What Exercises Improve Arm Wrestling?

6 June 2023

What Exercises Improve Arm Wrestling?
Arm wrestling is an intense sport that requires great strength and endurance in your arms, shoulders, and hands. If you want to improve your arm wrestling skills, you need to focus on strengthening the muscles that are used the most during an arm wrestling match. In this article, we will discuss some of the best exercises that can help you improve your arm wrestling game.

1. Wrist Curls
Wrist curls are an effective exercise for strengthening your forearm muscles, which are crucial for arm wrestling. To perform wrist curls, sit on a bench with your forearm resting on a table or bench. Hold a dumbbell in your hand with your palm facing up. Slowly curl your wrist upward, then lower it back down. Repeat for several repetitions, then switch to the other arm.

2. Hammer Curls
Hammer curls help to strengthen your biceps, which are important for generating power during an arm wrestling match. To perform hammer curls, stand with your feet shoulder-width apart and hold a dumbbell in each hand with your palms facing in. Slowly curl the weights up toward your shoulders, then lower them back down. Repeat for several repetitions.

3. Tricep Extensions
Tricep extensions are another great exercise for improving your arm wrestling skills. They target the triceps, which are important for stabilizing your arm during a match. To perform tricep extensions, hold a dumbbell in both hands and extend your arms straight up above your head.

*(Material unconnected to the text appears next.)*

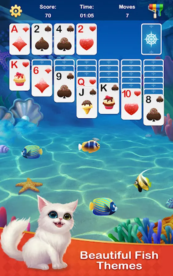 Hundreds of beautiful themes: Hundreds of backgrounds for you to play solitaire card games, like backgrounds of waterfall, horse, butterfly, ocean fish, aquarium, koi fish, kitten, moon, snow, and so on.
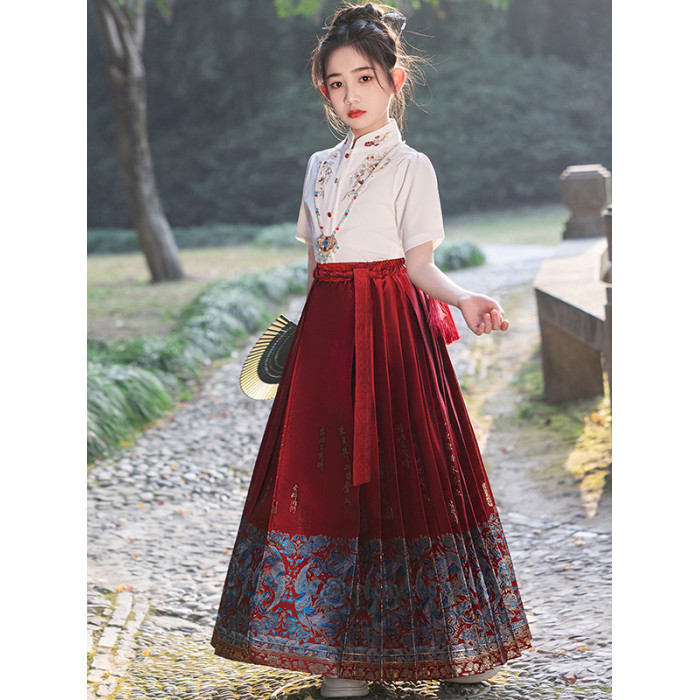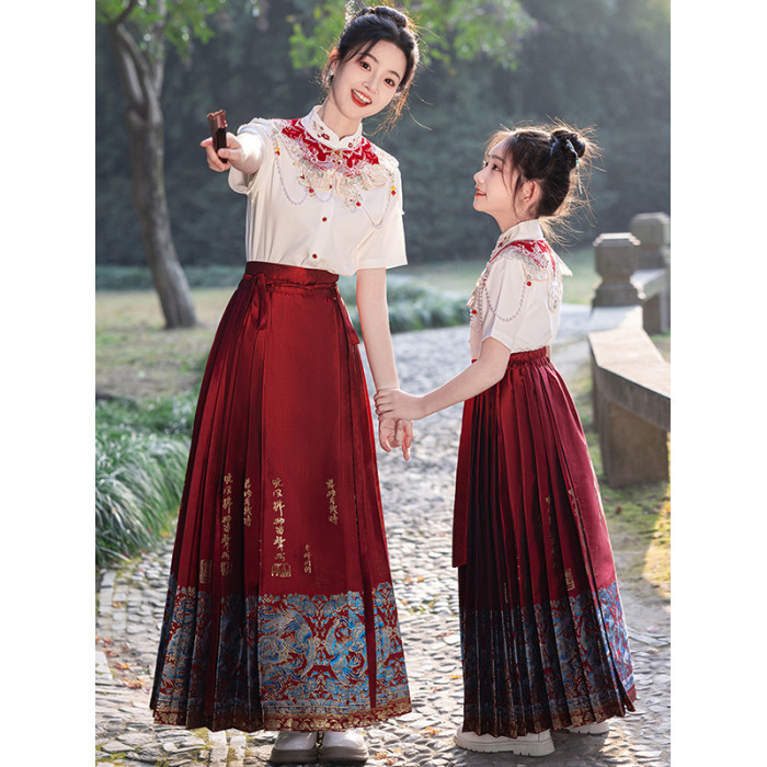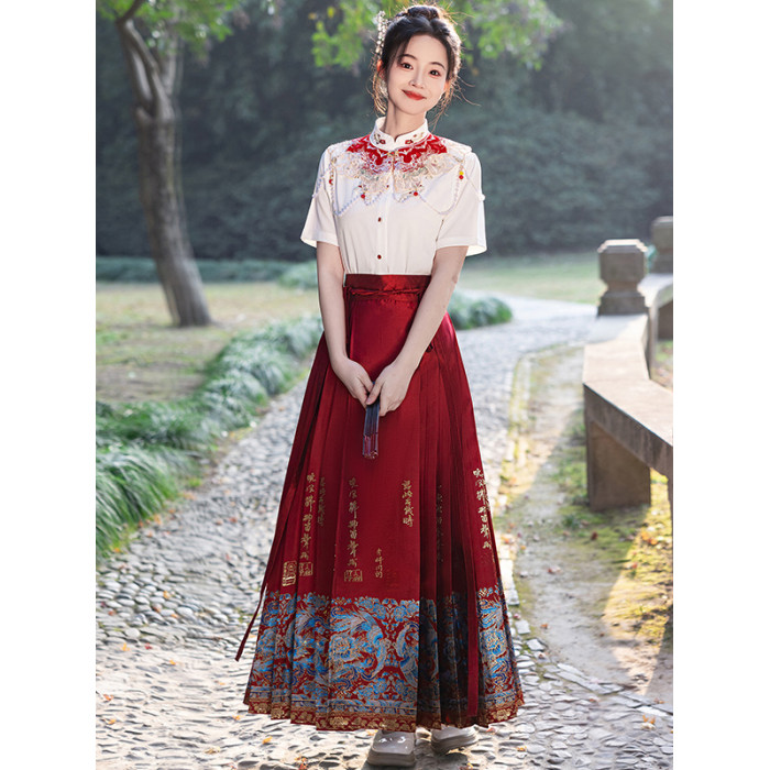 綉花襯衫短袖+鳳凰馬面裙紅色

Slowly lower the weight behind your head, then lift it back up. Repeat for several repetitions.

4. Pull-Ups
Pull-ups are an excellent overall upper body exercise that can help to improve your arm wrestling skills. They target your back, shoulders, and arms, which are all important for arm wrestling. To perform pull-ups, grab a pull-up bar with your palms facing away from you and your hands shoulder-width apart. Pull your body up toward the bar until your chin is above it, then lower back down. Repeat for several repetitions.

5. Push-Ups
Push-ups are another great upper body exercise that can help to improve your arm wrestling skills. They target your chest, shoulders, and triceps, which are all important for generating power during a match. To perform push-ups, start in a plank position with your hands shoulder-width apart. Lower your body down toward the ground, keeping your elbows close to your body. Push back up to the starting position and repeat for several repetitions.

6. Gripper Exercises
Gripper exercises can help to improve your grip strength, which is crucial for arm wrestling. Gripper exercises involve squeezing a hand gripper with your fingers and thumb. You can perform gripper exercises throughout the day, such as while sitting at your desk or watching TV.

7. Farmer’s Walk
The farmer’s walk is an excellent exercise for improving your grip strength and overall arm wrestling performance. To perform the farmer’s walk, hold a heavy weight in each hand, such as dumbbells or kettlebells. Walk forward for a set distance, then turn around and walk back to the starting point. Repeat for several repetitions.

Conclusion
In conclusion, arm wrestling requires a great deal of strength and endurance in your arms, shoulders, and hands. By incorporating these exercises into your training routine, you can improve your arm wrestling performance and become a stronger, more successful arm wrestler. Remember to always warm up before exercising and to consult with a medical professional before starting any new exercise program.